Problem to work on: All of the data should be repeated exactly; pictures are not part of the copy.

Data extract:

►

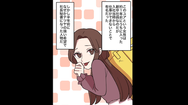 そして35年が過ぎた今、夫と秘書の距離が不自然に近いと社員から苦情が入ったため、主人公は2人を問い詰めて…。
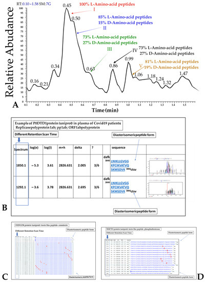 Diastereomeric peptides containing D-Amino acids (Figure 4) have been identified in all COVID-19 individuals and not in the healthy control using the multifragmentation pathway approach at different mass spectra retention times [40,41]. The enantiomeric peptide form has been resolved by means of liquid chromatography using a HOLO 50x2.1 2.7 µm (VWR, Milan, Italy) particle size column. The repeated peptide sequences exhibiting the fragmentation pathways identified by the database search approach at multiple retention times have been marked as enantiomeric formations containing D-Amino acid. D-structure was identified by specific fragmentation pathways [42]. Representative images of these observations are presented in Figure 4. Particular interest is the different retention scan times of the same peptides (rectangular violet in Figure 4 panel B–D).
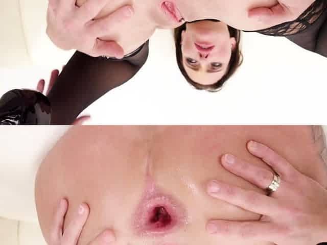 Euro beauty in stockings jumps on meatpole
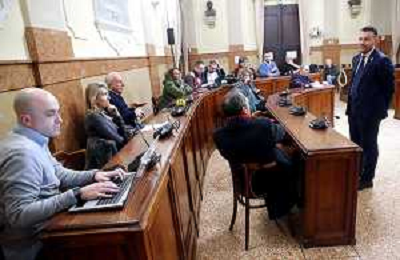 IMOLA 20 12 2025 conferenza stampa di fine anno del Sindaco Marco Panieri.NELLA FOTO SINDACO MARCO PANIERI CON I GIORNALISTI DURANTE LA CONFERENZA STAMPA ©SANNA - AGENZIA ALDO LIVERANI SAS

◄

Solution below:
 そして35年が過ぎた今、夫と秘書の距離が不自然に近いと社員から苦情が入ったため、主人公は2人を問い詰めて…。
 Diastereomeric peptides containing D-Amino acids (Figure 4) have been identified in all COVID-19 individuals and not in the healthy control using the multifragmentation pathway approach at different mass spectra retention times [40,41]. The enantiomeric peptide form has been resolved by means of liquid chromatography using a HOLO 50x2.1 2.7 µm (VWR, Milan, Italy) particle size column. The repeated peptide sequences exhibiting the fragmentation pathways identified by the database search approach at multiple retention times have been marked as enantiomeric formations containing D-Amino acid. D-structure was identified by specific fragmentation pathways [42]. Representative images of these observations are presented in Figure 4. Particular interest is the different retention scan times of the same peptides (rectangular violet in Figure 4 panel B–D).
 Euro beauty in stockings jumps on meatpole
 IMOLA 20 12 2025 conferenza stampa di fine anno del Sindaco Marco Panieri.NELLA FOTO SINDACO MARCO PANIERI CON I GIORNALISTI DURANTE LA CONFERENZA STAMPA ©SANNA - AGENZIA ALDO LIVERANI SAS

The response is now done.